- **Data excerpt**:
[Start of section]
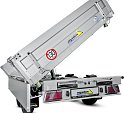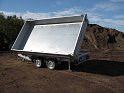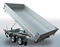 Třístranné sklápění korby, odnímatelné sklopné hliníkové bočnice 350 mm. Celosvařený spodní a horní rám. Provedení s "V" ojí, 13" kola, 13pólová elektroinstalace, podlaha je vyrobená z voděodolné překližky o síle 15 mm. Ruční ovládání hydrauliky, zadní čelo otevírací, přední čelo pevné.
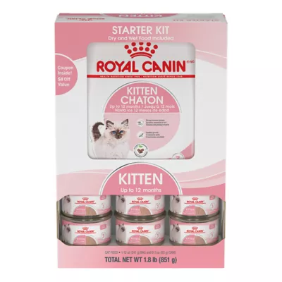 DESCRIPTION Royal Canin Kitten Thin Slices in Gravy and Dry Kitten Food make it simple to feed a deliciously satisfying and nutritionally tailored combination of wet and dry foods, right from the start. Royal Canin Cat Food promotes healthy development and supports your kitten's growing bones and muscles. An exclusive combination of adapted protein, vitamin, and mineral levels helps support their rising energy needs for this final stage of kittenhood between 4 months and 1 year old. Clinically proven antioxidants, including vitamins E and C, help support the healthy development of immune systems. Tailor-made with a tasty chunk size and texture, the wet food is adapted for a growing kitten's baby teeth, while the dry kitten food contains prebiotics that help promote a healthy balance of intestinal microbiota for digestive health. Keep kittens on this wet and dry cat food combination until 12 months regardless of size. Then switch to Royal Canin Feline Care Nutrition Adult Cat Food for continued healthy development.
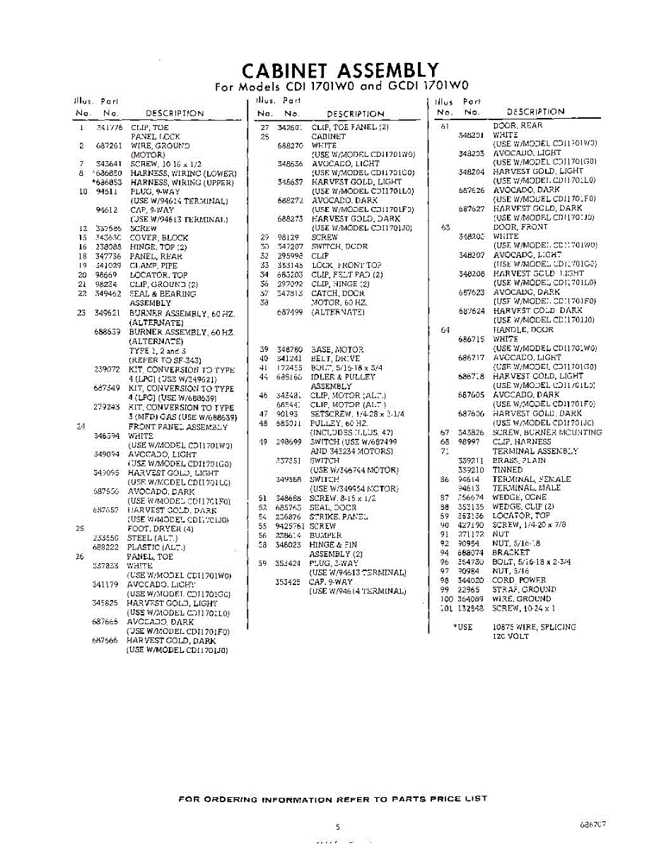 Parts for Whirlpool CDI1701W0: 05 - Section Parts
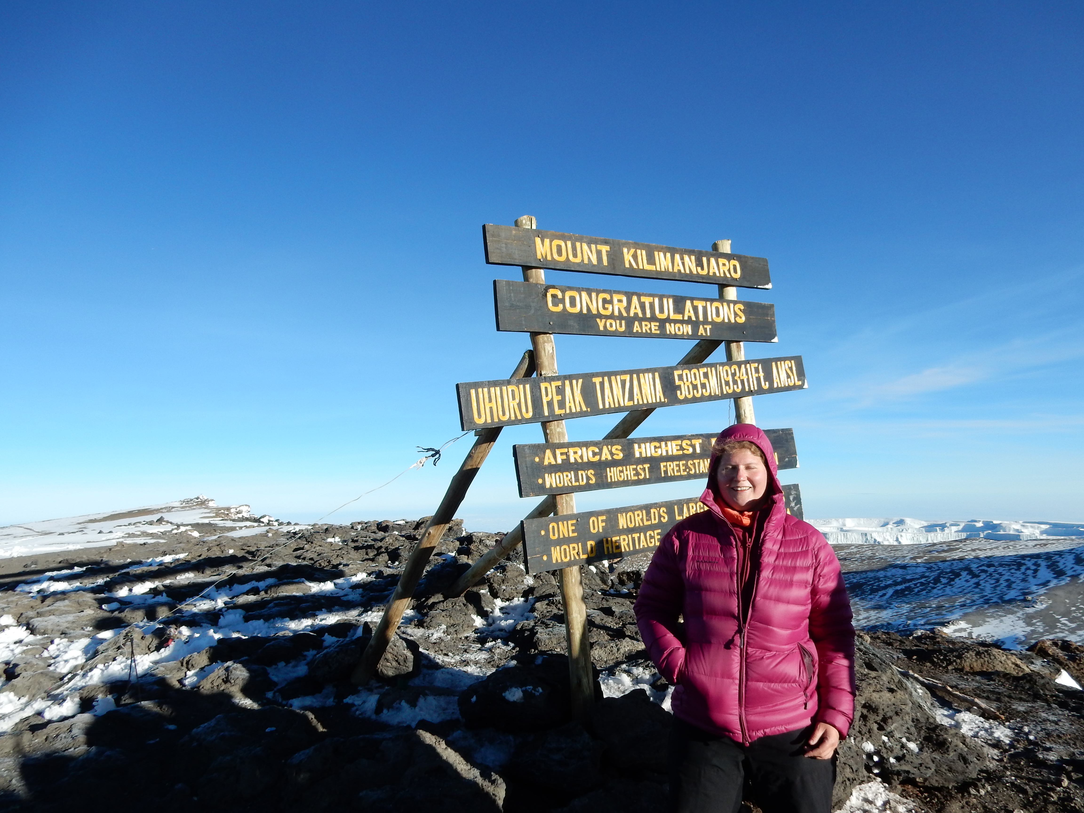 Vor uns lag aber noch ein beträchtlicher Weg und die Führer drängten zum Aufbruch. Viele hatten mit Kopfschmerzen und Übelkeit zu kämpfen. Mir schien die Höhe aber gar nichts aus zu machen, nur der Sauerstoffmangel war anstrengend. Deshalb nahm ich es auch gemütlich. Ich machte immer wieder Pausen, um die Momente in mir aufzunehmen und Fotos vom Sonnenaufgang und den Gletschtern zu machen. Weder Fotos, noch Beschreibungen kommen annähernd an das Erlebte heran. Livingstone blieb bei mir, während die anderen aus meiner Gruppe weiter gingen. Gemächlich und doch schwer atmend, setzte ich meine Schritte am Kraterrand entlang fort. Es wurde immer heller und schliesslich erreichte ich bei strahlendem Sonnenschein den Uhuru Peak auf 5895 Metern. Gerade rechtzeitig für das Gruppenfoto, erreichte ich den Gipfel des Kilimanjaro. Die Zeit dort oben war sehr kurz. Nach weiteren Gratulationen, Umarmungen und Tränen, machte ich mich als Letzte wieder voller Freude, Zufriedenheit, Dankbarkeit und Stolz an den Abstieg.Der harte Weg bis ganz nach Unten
[End of section]
- **How to complete this task**: Give back the full data exactly as it reads, but drop the pictures.

- **Solution to the exercise**:
 Třístranné sklápění korby, odnímatelné sklopné hliníkové bočnice 350 mm. Celosvařený spodní a horní rám. Provedení s "V" ojí, 13" kola, 13pólová elektroinstalace, podlaha je vyrobená z voděodolné překližky o síle 15 mm. Ruční ovládání hydrauliky, zadní čelo otevírací, přední čelo pevné.
 DESCRIPTION Royal Canin Kitten Thin Slices in Gravy and Dry Kitten Food make it simple to feed a deliciously satisfying and nutritionally tailored combination of wet and dry foods, right from the start. Royal Canin Cat Food promotes healthy development and supports your kitten's growing bones and muscles. An exclusive combination of adapted protein, vitamin, and mineral levels helps support their rising energy needs for this final stage of kittenhood between 4 months and 1 year old. Clinically proven antioxidants, including vitamins E and C, help support the healthy development of immune systems. Tailor-made with a tasty chunk size and texture, the wet food is adapted for a growing kitten's baby teeth, while the dry kitten food contains prebiotics that help promote a healthy balance of intestinal microbiota for digestive health. Keep kittens on this wet and dry cat food combination until 12 months regardless of size. Then switch to Royal Canin Feline Care Nutrition Adult Cat Food for continued healthy development.
 Parts for Whirlpool CDI1701W0: 05 - Section Parts
 Vor uns lag aber noch ein beträchtlicher Weg und die Führer drängten zum Aufbruch. Viele hatten mit Kopfschmerzen und Übelkeit zu kämpfen. Mir schien die Höhe aber gar nichts aus zu machen, nur der Sauerstoffmangel war anstrengend. Deshalb nahm ich es auch gemütlich. Ich machte immer wieder Pausen, um die Momente in mir aufzunehmen und Fotos vom Sonnenaufgang und den Gletschtern zu machen. Weder Fotos, noch Beschreibungen kommen annähernd an das Erlebte heran. Livingstone blieb bei mir, während die anderen aus meiner Gruppe weiter gingen. Gemächlich und doch schwer atmend, setzte ich meine Schritte am Kraterrand entlang fort. Es wurde immer heller und schliesslich erreichte ich bei strahlendem Sonnenschein den Uhuru Peak auf 5895 Metern. Gerade rechtzeitig für das Gruppenfoto, erreichte ich den Gipfel des Kilimanjaro. Die Zeit dort oben war sehr kurz. Nach weiteren Gratulationen, Umarmungen und Tränen, machte ich mich als Letzte wieder voller Freude, Zufriedenheit, Dankbarkeit und Stolz an den Abstieg.Der harte Weg bis ganz nach Unten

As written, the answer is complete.